# SOLVED: Compaq DL380 G1, HPASM install failure

## Fog_Watch

Hello

The real subject for this request is "Help! This computer's making me deaf"

I have a Compaq DL380 G1 with a fresh installation (2.6.16-hardened-r10).  The fans on this thing are spinning so fast the box is moving around on my floor of its own accord.  I am desperate to slow down the fans.

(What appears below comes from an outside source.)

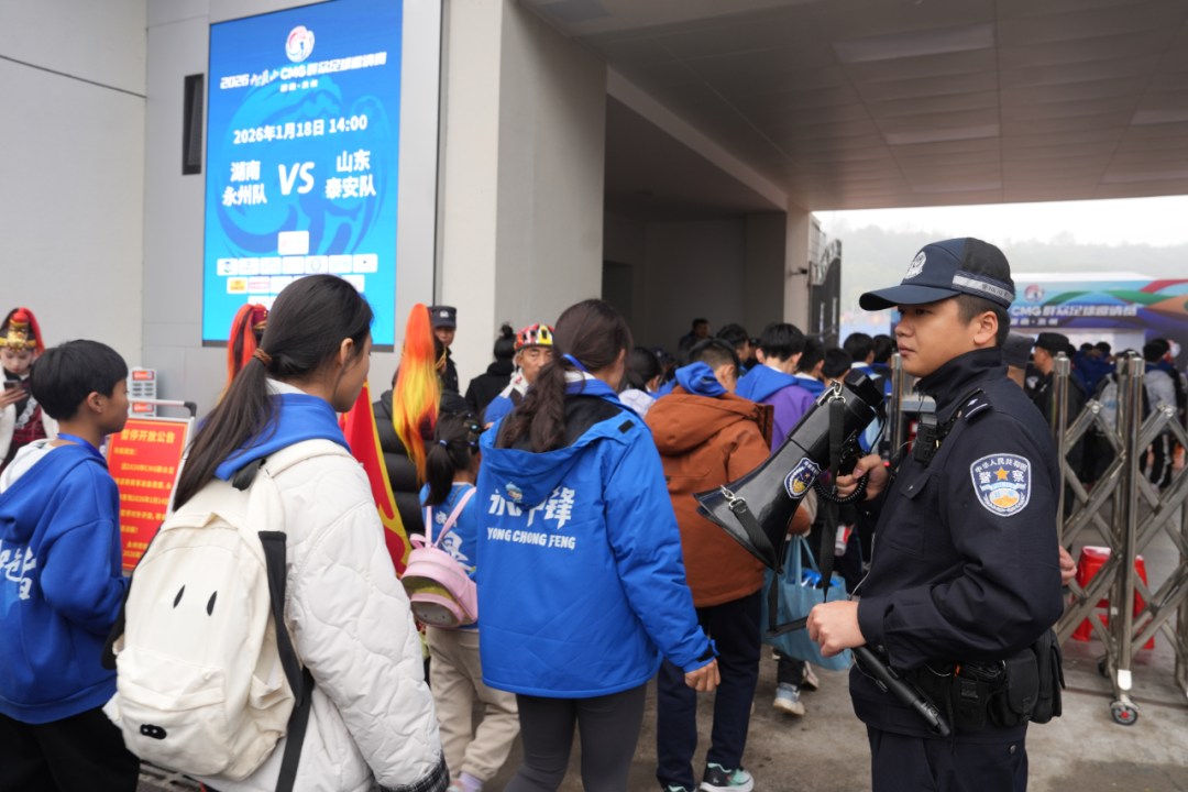 1月18日,由中央广播电视总台主办的2026CMG群众足球邀请赛在永州市体育场激情开赛。湖南永州队与山东泰安队为全国观众奉献了首场精彩对决,标志着这场为期7天、汇聚六省冠军的足球盛会正式启幕。球场内,球员拼抢、球迷呐喊,热情如火;球场外,永州公安的藏蓝身影全程守护、默默奉献,以最高标准、最实举措,确保了赛事安全、畅通、有序,让这场全国性的体育盛宴在冬日暖阳下平安绽放。

cpqhealth I understand is only for 2.4 kernels.  So I have been trying with hpasm.  The versions I have tried are:

hpasm-7.2.0-198.rhel3.i386.rpm

hpasm-7.4.0-56.rhel4.i386.rpm

hpasm-7.5.1-8.rhel4.i386.rpm

None work.  When I  *Quote:*   

> hpasmd

  the response I get is  *Quote:*   

> Proliant System Health Monitor loading

 I am returned to the prompt and nothing happens.  There is no reduction in fan speed and hpasmd is not listed as a process.   This suggests that what I am attempting to do is possible, as does the howto.  Maybe the problem is with using a hardened kernel.  

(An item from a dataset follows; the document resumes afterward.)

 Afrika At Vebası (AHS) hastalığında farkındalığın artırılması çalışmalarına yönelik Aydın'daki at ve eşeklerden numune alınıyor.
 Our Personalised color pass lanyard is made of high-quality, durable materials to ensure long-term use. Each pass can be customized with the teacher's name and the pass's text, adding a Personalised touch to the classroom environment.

Any suggestions as to how I can slow down my fans would be much appreciated.Last edited by Fog_Watch on Tue Aug 15, 2006 2:54 am; edited 1 time in total

----------

## Fog_Watch

SOLVED.

Just a quick note.  All I needed to do was 

```
paxctl -s /opt/compaq/hpasmd/bin/hpasmd

```

And if you want an ebuild, just go here.

[edit]

Second thoughts, last time I just installed the ebuild and didn't have to worry about paxctl.

[/edit]

----------

## theholymac

On A DL360G2:  Ebuilds are broken, wiki instructions don't seem to work: fans are still running at 100%

EDIT:

some quick fixes get the ebuilds to half-work, the SRC_URI needs to be fixed to reflect the current download location and the dependancies need to be re-labled.  Still no joy, however.

The big issue with the ebuilds is it seems that the following lines are broken:

```

cp ${FILESDIR}/initlog.conf ${D}/etc

```

and

```

doexe ${FILESDIR}/functions || die

```

Nothing exists at FILESDIR, which should be /usr/local/portage/app-admin/hdpasm/files.  The "files" directory is missing entirely.  So, after unpacking the .rmp, "die" is called.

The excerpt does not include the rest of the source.